Establishing a target screenshot database according to the obtained target screenshot:

establishing a target screenshot database according to the obtained target screenshot, and giving a specific implementation process as follows: firstly, establishing a blank initial screenshot database, then adding each obtained target screenshot into the initial screenshot database, and finally updating the initial screenshot database to obtain a target screenshot database.

Outputting the target cut-map database:

and outputting the established target cut-off database, such as wired transmission or wireless transmission, to external related equipment, so that the external equipment or related personnel can perform subsequent processing according to the target cut-off database.
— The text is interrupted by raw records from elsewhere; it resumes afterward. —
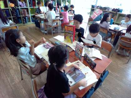 国語科の学習では、自分のお気に入りの本を友達に紹介しました。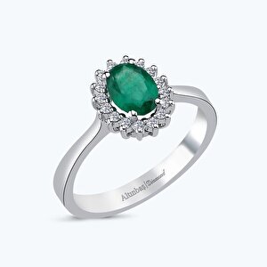 0.13 Karat Pırlanta Zümrüt Oval Yüzük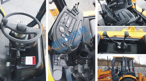 合理布置的操作手柄和儀表,工作狀態(tài)一目了然,將操作手疲勞強度降低;角度可調式方向機,配合可調式豪華座椅,適合不同體形的司機操作。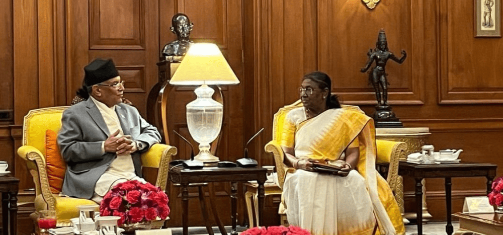 काठमाडौँ । भारतको औपचारिक भ्रमणमा रहेका प्रधानमन्त्री पुष्पकमल दाहालले राष्ट्रपति द्रौपदी मुर्मुसँग शिष्टाचार भेट गरेका छन् । नयाँ दिल्लीस्थित राष्ट्रपति भवनमा सोमबार प्रधानमन्त्री दाहालले राष्ट्रपति मुर्मुसँग भेट गरेका हुन् ।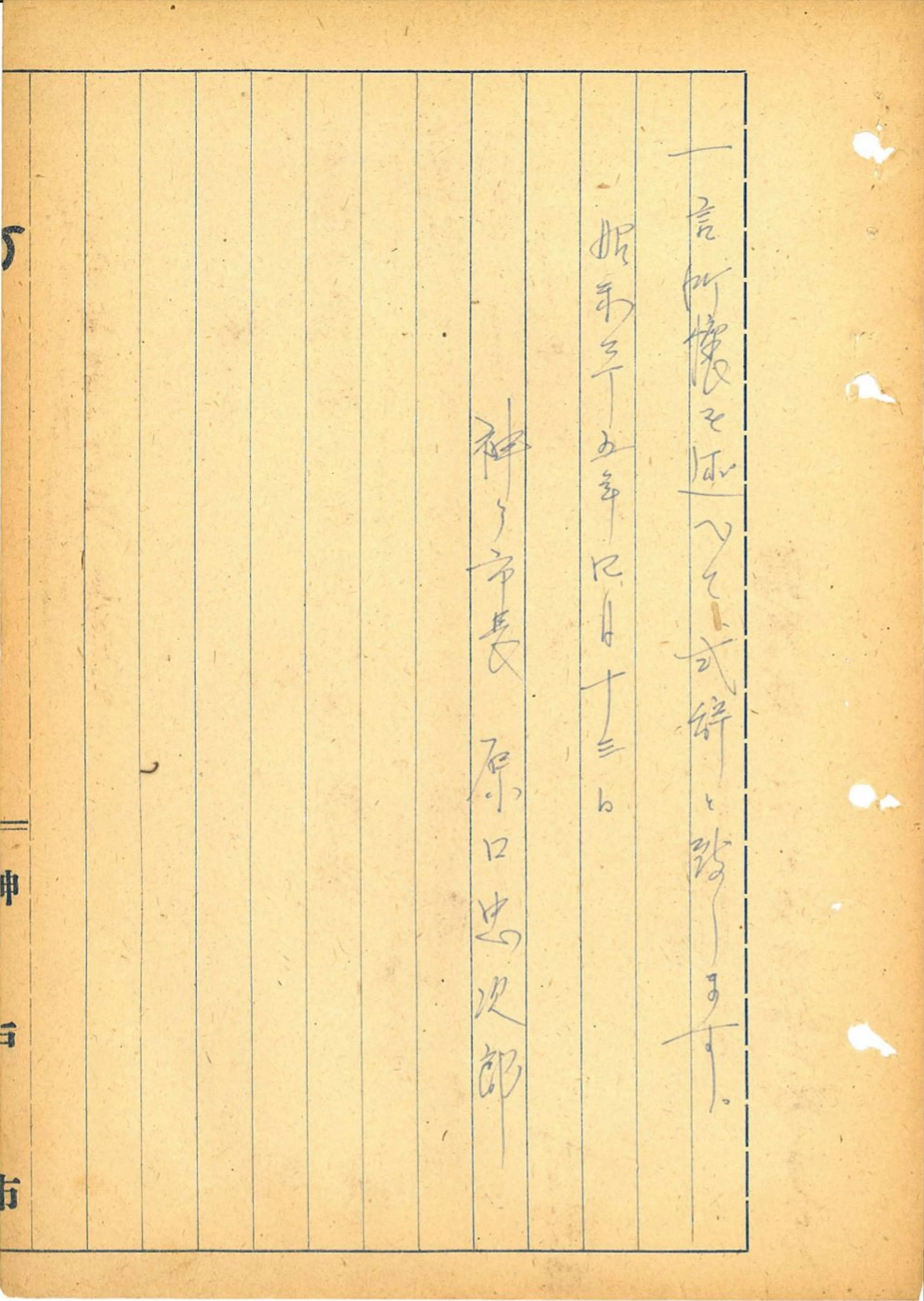 1950年4月13日に行われる合併記念の祝賀式で、原口市長が読み上げる祝辞の案文です。3ヵ町村の合併が、「大港都建設」のために必要なことであり、大正11年に東部5ヶ町村を神戸市都市計画区域に指定して以来の悲願であったことがうかがえます。残る2ヶ村(本山村、本庄村)の合併は持ち越されましたが、「貿易産業地域」形成への一歩であったことがわかる内容です。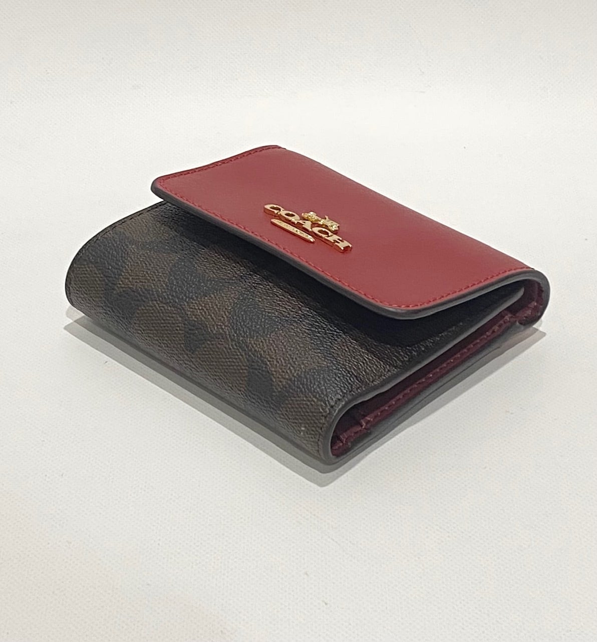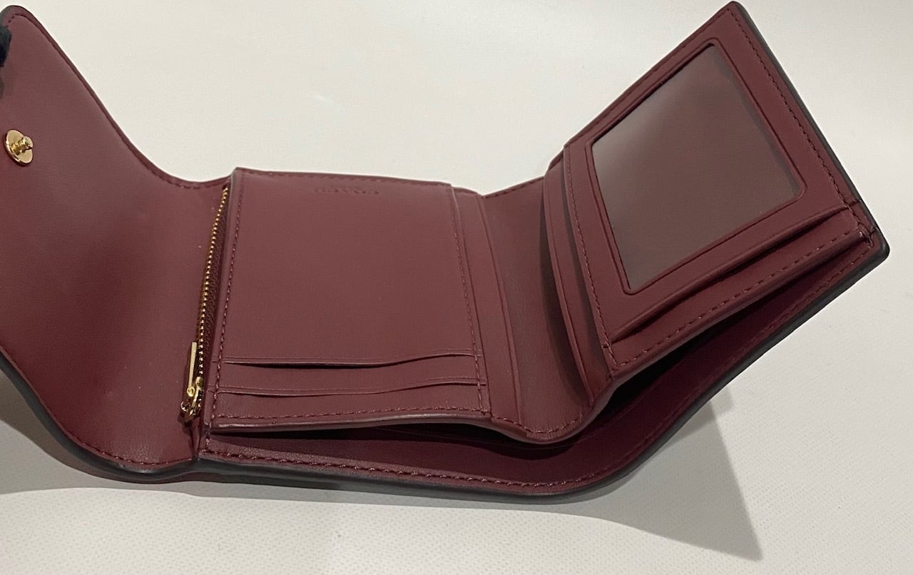 素材:PVC/レザー 色 :レッド×ブラウン サイズ:約H10×W11×3㎝ 開閉:スナップ式 内側:札入れ×1、カード入れ×2_、定期入れ×1_、ポケット×4、ファスナー小銭入れ×1 外側:ポケット×1 付属品:-

The above-mentioned embodiments are merely illustrative of the technical solutions of the present invention in a specific embodiment, and any equivalent substitutions and modifications or partial substitutions of the present invention without departing from the spirit and scope of the present invention should be covered by the claims of the present invention.

Claims

1. A video screenshot method based on voice recognition and image processing is characterized by comprising the following steps:

receiving a video screenshot voice instruction;

converting the effective text data into a video screenshot control instruction;

and outputting the target cut-map database.

2. The method for capturing video image based on voice recognition and image processing as claimed in claim 1, wherein the step of inputting the face image included in each video image frame into a preset target face image database for comparison comprises:

3. The video screenshot method based on voice recognition and image processing as claimed in claim 1, wherein said inputting said screenshot command text data into a preset video screenshot command specific dictionary for comparison comprises:

4. The method of claim 1, wherein the words in the video shot instruction specific dictionary comprise a shot.

5. The method of claim 4, wherein the words in the video shot instruction specific dictionary further comprise words related to the shot.